The ACRB Executive Director and Sheriff Labat addressed City Council's Public Safety Committee regarding the ongoing issue surrounding access to inmates.

FULTON COUNTY, Ga. — The Atlanta Citizen Review Board (ACRB) is alleging that Fulton County Sheriff Patrick Labat blocked its misconduct investigators from interviewing inmates inside the Atlanta Detention Center.

Due to overcrowding at the Fulton County Jail, the sheriff is leasing beds at the city's detention center. The ACRB said there are three inmates in the city's detention center, which are in the custody of Fulton County, that have filed complaints with the board. 

"We were requesting to interview them. The city jail contacted Fulton County and Fulton County advised that that we could not at that time," ACRB Executive Director Samuel Lee Reid said. 

The ACRB released a document to 11Alive on Tuesday titled, "Fulton County Sheriff's Office Interference with ACRB Investigations Timeline." It can be viewed below.

Credit: Provided
Atlanta Citizen Review Board put a timeline together regarding allegations that the Fulton County Sheriff is interfering with their investigative process.

The ACRB said in the past 15 years, they've never been denied access to interview an inmate regarding a complaint filed with the board. 

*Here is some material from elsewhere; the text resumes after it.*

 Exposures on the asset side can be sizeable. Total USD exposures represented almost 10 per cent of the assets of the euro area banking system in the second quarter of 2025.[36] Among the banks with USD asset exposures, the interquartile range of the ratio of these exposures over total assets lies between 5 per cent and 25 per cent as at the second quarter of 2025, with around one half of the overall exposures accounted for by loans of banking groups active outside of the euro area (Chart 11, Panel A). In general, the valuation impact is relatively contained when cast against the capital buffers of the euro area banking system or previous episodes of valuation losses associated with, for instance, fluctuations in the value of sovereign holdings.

"Since the inception of the ACRB, we have been able to enter the city jail and the Fulton County Jail to interview citizens who have complaints against Atlanta police and corrections officers. And everybody understands the process. So I don't understand what the problem is now," Reid explained. 

The Fulton County Sheriff's Office informed the ACRB that they would need a court order or permission from the inmate's attorneys before they would be allowed to interview them.

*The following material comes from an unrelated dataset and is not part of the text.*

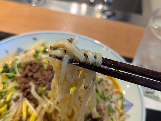 フゥフゥしながら一口、うん味噌ベースの和山椒で少し辛いスープがもちもち麺に絡みつき、周りの薬味野菜がそれをいい感じに中和している。
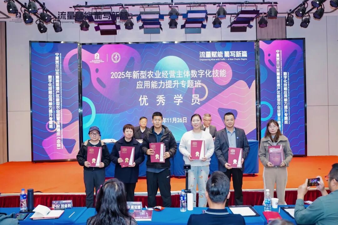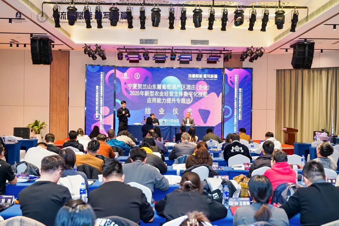 宁夏新闻网讯(记者 杨泠然 文/图/视频)11月26日,2025年宁夏贺兰山东麓葡萄酒产区新型农业经营主体酒庄(企业)数字化技能应用能力提升专题班暨第九期“贺兰山东麓葡萄酒大讲堂”在银川圆满落幕。为期6天的集中培训,以“理论+实操”的模式为177名来自产区各市县区的产业主管部门技术骨干、酒庄负责人及品牌营销、电商运营精英们送上“数字化营销工具箱”,助力产区葡萄酒产业突破地域限制,在电商赛道开辟发展新蓝海。

On May 18 Dorthey Hurst, who is the ACRB chair, sent a certified letter addressed to Fulton County Sheriff Patrick Labat.

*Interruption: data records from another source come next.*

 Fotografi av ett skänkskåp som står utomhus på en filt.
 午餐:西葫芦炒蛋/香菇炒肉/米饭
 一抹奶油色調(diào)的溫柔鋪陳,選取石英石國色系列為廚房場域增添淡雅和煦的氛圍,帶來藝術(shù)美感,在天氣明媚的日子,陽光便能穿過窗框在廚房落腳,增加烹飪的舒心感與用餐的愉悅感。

In the letter, Hurst wrote:  

The ACRB said they did not get any response from Labat. 

On May 22, Reid addressed Atlanta City Council's Public Safety Committee regarding the situation. 

He told the committee the board's biggest concern and challenge is the relationship with the Fulton County Sheriff's Office. 

Following Reid's remarks, Labat ended up making his way to the hearing. He addressed the committee and took questions from council members.

Labat also thanked the committee for what they do to serve the city and then addressed the issue.

"I did hear some misnomers and I want to see if you all had any opportunities to, for me to correct what has been given to you all," Labat said. "The assertion I sent you a letter, no I saw the letter on social media. I don't operate like that."

The sheriff was referring to the certified letter Reid said was sent to his office. Labat maintains that he never saw it except on social media. 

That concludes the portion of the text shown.